The unlikely herb was at home atop a New Zealand king salmon, too, which was almost as red as its sweet tomato confit and layered with a silky whipped tofu.

In a way that’s not tacky or tasteless but subtle and seamless — and respectful of his painstakingly sourced product — Tortosa manages to combine improbable flavors and textures to make each nigiri something more than just a piece of fish.

Every dish was a work of art, worthy of the ceramic vessel it was served in. Each piece is handmade in Richmond by Jered’s Pottery (aka the new Heath). Apart from the pinch-pot chopstick rests that looked like my kids could’ve made them, it was impressive to see how much effort went into matching tableware to ocean fare.

A smooth bone-colored bowl was ringed in the same soft yellow hue as the diced galia melon with magochi sashimi, its delicate flavor enlivened by thin slices of Serrano. I especially loved the smooth, palm-sized bath my ‘onsen Jidori egg’ came in. A single egg cooked sous vide to a pudding-like consistency when swirled, popping with trout roe and chives and floating alongside meaty strips of maitake in a rich, dashi-soy broth. We slurped the broth, somewhat awkwardly, with wooden spoons that were a little too deep, like shrunken versions of the ladles worshippers use to wash their hands before entering a Shinto shrine.

Really, the only let downs came toward the end of each night. Once, I opted to finish with an albacore and grilled onion hand roll. It wilted into something resembling a flattened tube of tuna toothpaste and became chewy to the point of almost choky. I tried to “eat it before the nori melts,” like our sushi therapist advised, but apparently I couldn’t eat that quickly.

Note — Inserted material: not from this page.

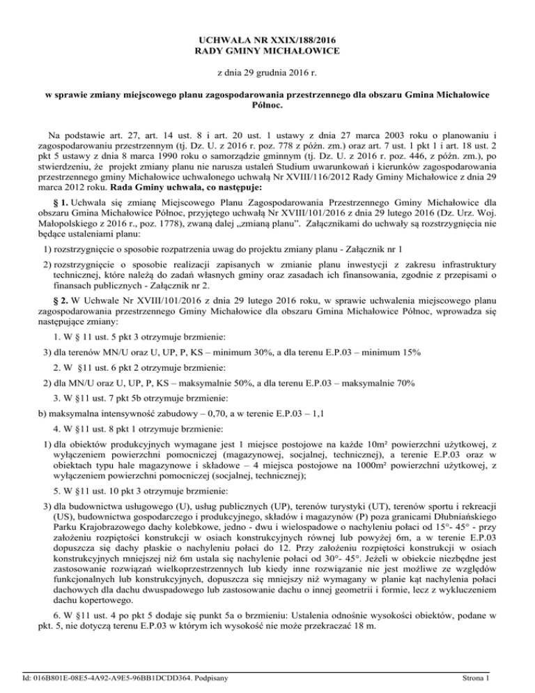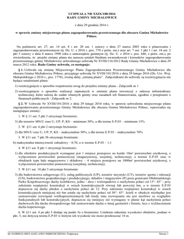 UCHWAŁA NR XXIX/188/2016 RADY GMINY MICHAŁOWICE z dnia 29 grudnia 2016 r. w sprawie zmiany miejscowego planu zagospodarowania przestrzennego dla obszaru Gmina Michałowice Północ. Na podstawie art. 27, art. 14 ust. 8 i art. 20 ust. 1 ustawy z dnia 27 marca 2003 roku o planowaniu i zagospodarowaniu przestrzennym (tj. Dz. U. z 2016 r. poz. 778 z późn. zm.) oraz art. 7 ust. 1 pkt 1 i art. 18 ust. 2 pkt 5 ustawy z dnia 8 marca 1990 roku o samorządzie gminnym (tj. Dz. U. z 2016 r. poz. 446, z późn. zm.), po stwierdzeniu, że projekt zmiany planu nie narusza ustaleń Studium uwarunkowań i kierunków zagospodarowania przestrzennego gminy Michałowice uchwalonego uchwałą Nr XVIII/116/2012 Rady Gminy Michałowice z dnia 29 marca 2012 roku. Rada Gminy uchwala, co następuje: § 1. Uchwala się zmianę Miejscowego Planu Zagospodarowania Przestrzennego Gminy Michałowice dla obszaru Gmina Michałowice Północ, przyjętego uchwałą Nr XVIII/101/2016 z dnia 29 lutego 2016 (Dz. Urz. Woj. Małopolskiego z 2016 r., poz. 1778), zwaną dalej „zmianą planu”. Załącznikami do uchwały są rozstrzygnięcia nie będące ustaleniami planu: 1) rozstrzygnięcie o sposobie rozpatrzenia uwag do projektu zmiany planu - Załącznik nr 1 2) rozstrzygnięcie o sposobie realizacji zapisanych w zmianie planu inwestycji z zakresu infrastruktury technicznej, które należą do zadań własnych gminy oraz zasadach ich finansowania, zgodnie z przepisami o finansach publicznych - Załącznik nr 2. § 2. W Uchwale Nr XVIII/101/2016 z dnia 29 lutego 2016 roku, w sprawie uchwalenia miejscowego planu zagospodarowania przestrzennego Gminy Michałowice dla obszaru Gmina Michałowice Północ, wprowadza się następujące zmiany: 1. W § 11 ust. 5 pkt 3 otrzymuje brzmienie: 3) dla terenów MN/U oraz U, UP, P, KS – minimum 30%, a dla terenu E.P.03 – minimum 15% 2. W §11 ust. 6 pkt 2 otrzymuje brzmienie: 2) dla MN/U oraz U, UP, P, KS – maksymalnie 50%, a dla terenu E.P.03 – maksymalnie 70% 3. W §11 ust. 7 pkt 5b otrzymuje brzmienie: b) maksymalna intensywność zabudowy – 0,70, a w terenie E.P.03 – 1,1 4. W §11 ust. 8 pkt 1 otrzymuje brzmienie: 1) dla obiektów produkcyjnych wymagane jest 1 miejsce postojowe na każde 10m² powierzchni użytkowej, z wyłączeniem powierzchni pomocniczej (magazynowej, socjalnej, technicznej), a terenie E.P.03 oraz w obiektach typu hale magazynowe i składowe – 4 miejsca postojowe na 1000m² powierzchni użytkowej, z wyłączeniem powierzchni pomocniczej (socjalnej, technicznej); 5. W §11 ust. 10 pkt 3 otrzymuje brzmienie: 3) dla budownictwa usługowego (U), usług publicznych (UP), terenów turystyki (UT), terenów sportu i rekreacji (US), budownictwa gospodarczego i produkcyjnego, składów i magazynów (P) poza granicami Dłubniańskiego Parku Krajobrazowego dachy kolebkowe, jedno - dwu i wielospadowe o nachyleniu połaci od 15°- 45° - przy założeniu rozpiętości konstrukcji w osiach konstrukcyjnych równej lub powyżej 6m, a w terenie E.P.03 dopuszcza się dachy płaskie o nachyleniu połaci do 12. Przy założeniu rozpiętości konstrukcji w osiach konstrukcyjnych mniejszej niż 6m ustala się nachylenie połaci od 30°- 45°. Jeżeli w obiekcie niezbędne jest zastosowanie rozwiązań wielkoprzestrzennych lub kiedy inne rozwiązanie nie jest możliwe ze względów funkcjonalnych lub konstrukcyjnych, dopuszcza się mniejszy niż wymagany w planie kąt nachylenia połaci dachowych dla dachu dwuspadowego lub zastosowanie dachu o innej geometrii i formie, lecz z wykluczeniem dachu kopertowego. 6. W §11 ust. 4 po pkt 5 dodaje się punkt 5a o brzmieniu: Ustalenia odnośnie wysokości obiektów, podane w pkt. 5, nie dotyczą terenu E.P.03 w którym ich wysokość nie może przekraczać 18 m. Id: 016B801E-08E5-4A92-A9E5-96BB1DCDD364. Podpisany Strona 1 § 3. Wykonanie uchwały powierza się Wójtowi Gminy Michałowice. § 4. Uchwała wchodzi w życie po upływie 14 dni od daty ogłoszenia jej w Dzienniku Urzędowym Województwa Małopolskiego. Przewodnicząca Rady Gminy Michałowice Ewa Krawczyk Id: 016B801E-08E5-4A92-A9E5-96BB1DCDD364. Podpisany Strona 2 Załącznik Nr 1 do Uchwały Nr XXIX/188/2016 Rady Gminy Michałowice z dnia 29 grudnia 2016 r. ROZSTRZYGNIĘCIE O SPOSOBIE ROZPATRZENIA UWAG DOTYCZĄCYCH WYŁOŻONEGO DO PUBLICZNEGO WGLĄDU PROJEKTU MIEJSCOWEGO PLANU ZAGOSPODAROWANIA PRZESTRZENNEGO DLA OBSZARU GMINY MICHAŁOWICE PÓŁNOC Projekt miejscowego planu zagospodarowania przestrzennego dla obszaru Gminy Michałowice Północ został wyłożony do publicznego wglądu w okresie od 24.10.2016r. do 23.11.2016r. W wyznaczonym terminie wnoszenia uwag dotyczących projektu planu, tj. 13.12.2016r. – wpłynęły uwagi. LP. NR UWAGI 1 2 1. 1. IMIĘ i NAZWISKO lub NAZWA JEDNOSTKI DATA WPŁYWU ORGANIZACYJNEJ UWAGI (adresy w dokumentacji planistycznej) 3 31.10.2016 4 * TREŚĆ UWAGI (pełna treść uwag znajduje się w dokumentacji planistycznej) Oznaczenie Ustalenia ROZSTRZYGNIĘCIE nieruchomości, której projektu planu W SPRAWIE ROZPATRZENIA dotyczy uwaga dla UWAGI (numery działek lub nieruchomości, inne określenie terenu której dotyczy objętego uwagą) uwaga WÓJT GMINY RADA GMINY 5 W związku z ogłoszeniem Wójta Gminy Michałowice z dnia 12.10.2016 r. w sprawie wyłożenia do publicznego wglądu zmiany miejscowego planu zagospodarowania przestrzennego Gminy Michałowice dotyczącego działek nr 214/126, 214/127, 214/153, 214/128 w miejscowości Masłomiąca Gmina Michałowice, po zapoznaniu się z projektem planu wnioskujemy o pozostawienie dopuszczalnej wysokości jak w dotychczasowym planie tj. 12 m. Jako osoby mieszkające w najbliższym sąsiedztwie mamy obawy związane z zacienieniem naszych nieruchomości przez planowane budynki firmy Avex. 6 214/126, 214/127, 214/153, 214/128 w miejscowości Masłomiąca 7 EP.03 MICHAŁOWICE MICHAŁOWICE 8 9 uwaga nieuwzględniona przez Wójta Gminy Michałowice UWAGI (informacje i wyjaśnienia dotyczące rozp

So the next time, I went for a real dessert, the only dessert: soft serve. (I love soft serve. But enough already, San Francisco!) Even if it was made with sake lees from Bayview and scattered with pistachios and blueberries, it was bland. Plus, I’d rather drink my sake.

Oh, and then there was the bill. Also not a highlight, as it was high, especially for a mellow Monday night. But, like a first class ticket on a transpacific flight, if you’ve got the money . . . it’s most definitely worth the splurge.